I saw WALL-E last night and completely fell in love. There are many film critics better qualified than I to wax eloquent about the animation and the soundtrack. But what got me about the film was its approach to technology and industrialization.

To summarize, WALL-E lives on an Earth that is so covered with litter that it can’t sustain human life. His job is to clean up while the humans orbit the Earth in a space-station cum shopping mall and become fatter and lazier as they continue to buy, and throw away, more junk. But WALL-E also picks through the litter before he runs it through his compressor. He saves relics of human civilization that appeal to his sentimental side: tapes of “Hello, Dolly!,” a rubiks cube, a spork, some Twinkies for his pet cockroach, Christmas lights etc. All of these are the outgrowth, in one way or another, of the same technological and commercial trajectory that produced the mess WALL-E cleans. So, for that matter, is WALL-E.
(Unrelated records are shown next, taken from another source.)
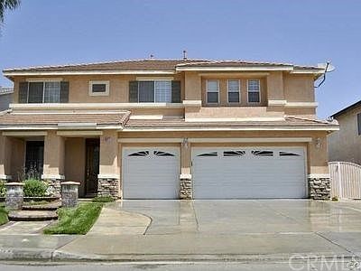 Upgraded pool home with 5 bedrooms and 3 baths. One bedroom and bath downstairs. 4 bedrooms and 2 baths with large loft upstairs. Upgraded kitchen with island, granite counters and full granite backsplash. The kitchen opens up to the large family room with fireplace. Large master suite with big walkin closet, dual sinks with separate shower and tub. Laundry with lots of cabinets space. Crown molding , laminate wood floors upstairs. 3 car garage. RV access. Gorgeous backyard with sparkling pool. Close to shopping, entertainment, schools and freeways.
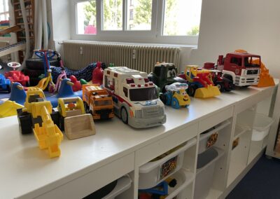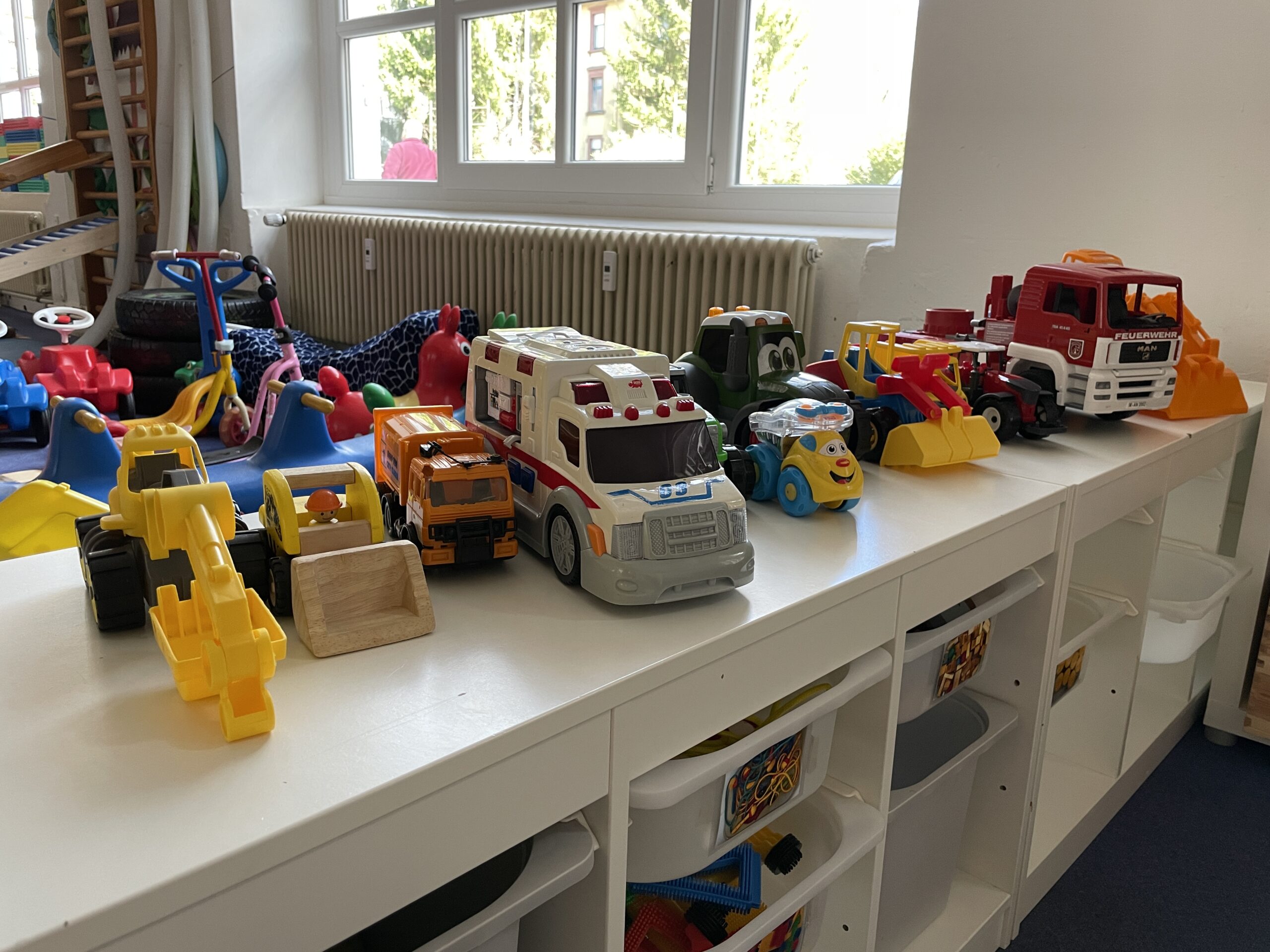 - Mehrere Bobbycars, Roller und Rollbretter zum Durchsausen des Raumes
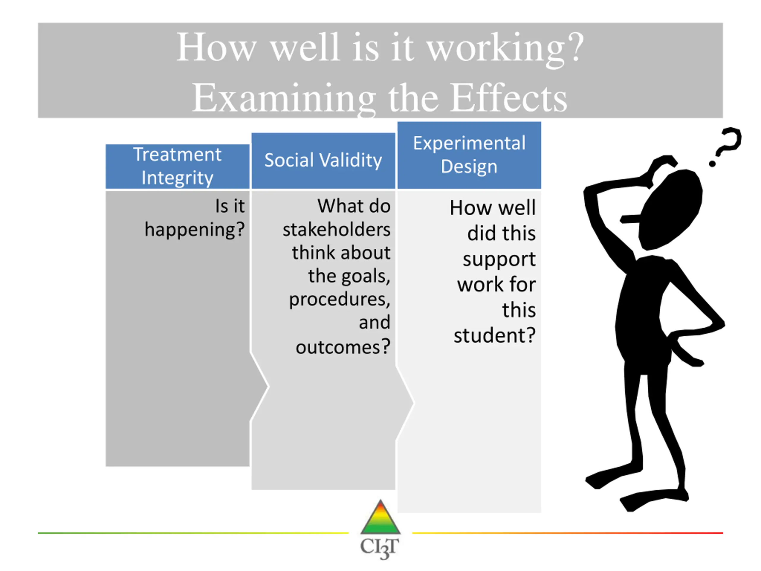 How well is it working? Examining the Effects Experimental Design Treatment Integrity Social Validity Is it What do stakeholders think about the goals, procedures, How well did this support work for happening? this and student? outcomes?
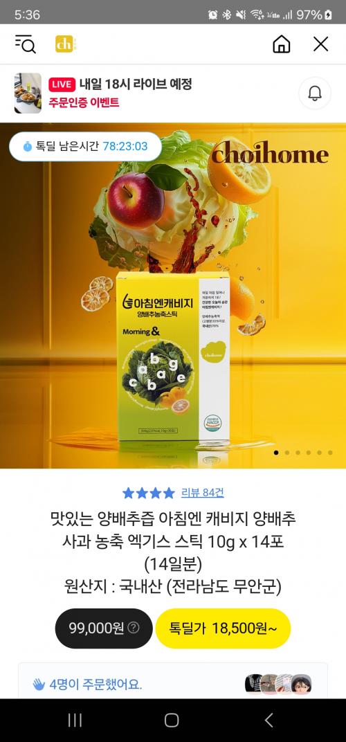 [톡딜] 아침엔 캐비지 양배추 사과 농축 엑기스 스틱10gx19포(19일분) 15,750원 무배 > 국내핫딜

In our current debates about globalization or climate change, we often talk as though there are two sides: humanitarian, environmentalist lefties who oppose technology and right-wing libertarians who believe it can do no wrong. Meanwhile debates about copyright or social media privacy controls often pit free culture radicals (who believe the Internet SHOULD be allowed to do everything it CAN do) against an old media establishment (who believe, the story goes, that the Internet should be allowed to do as little as possible).

WALL-E is a film that points out the middle ground in these binaries. Just because industrialization can pollute does not mean pollution is its necessary outcome. Nor does that destructive potential compel us to abandon its positive abilites, like making the computers that give us digital animation. Just because the Internet allows us to see everyone’s personal information and steal company secrets does not make those practices okay. Nor do the dangers of the digital world mean we ought to give up the convenience of the Google search.

Fitting, then, that WALL-E comes from Pixar, and thus from Steve Jobs, a titan of the digital age.

1, 2, skip a few…

Posted: May 12th, 2008 | Author: | Filed under: Culture | Tags: , | No Comments »

…99, 100.

That’s how I used to count to 100 when I was a kid and trying to be cheeky. In real life, you can rarely skip steps that easily, but sometimes, it works.

Last night I went to see the most charming movie about elderly folks who sing covers of classic and not-so-classic rock songs. It’s called Young@Heart and it reminded me a bit of Buena Vista Social Club set in Massachusetts. Both are movies worth seeing, and calling one’s grandparents immediately afterwards. A little cheesy, yes, but the music is pretty awesome and even a jaded Gen Yer like me can be inspired from time to time.

In one scene that really struck me, one of the singers, Bob Salvini, died of cardiac arrest just before a concert. He was meant to sing a duet of Coldplay’s Fix You with another very ill man, Fred Knittle. Suddenly, Fred has to sing the whole thing alone and doesn’t know Bob’s part.

All throughout the film, there are jokes about how the singers’ own musical tastes turn to opera or classical, except when they’re singing at Young@Heart. When the conductor gives them CDs of Sonic Youth or the Talking Heads, they can’t figure out which side goes up in the CD player.

But when Fred has to learn Fix You, he sits down at his Dell computer and pulls up this video from YouTube! to sing along to.

The result is heartbreakingly beautiful:

Web 2.0 technologies are reaching people for whom the big step is not from analog to digital, Ethernet to wireless, but from ink on paper to pixels on a screen. My grandmother, for example, cannot use a DVD player but she knows that “Google” is a verb and has an email account.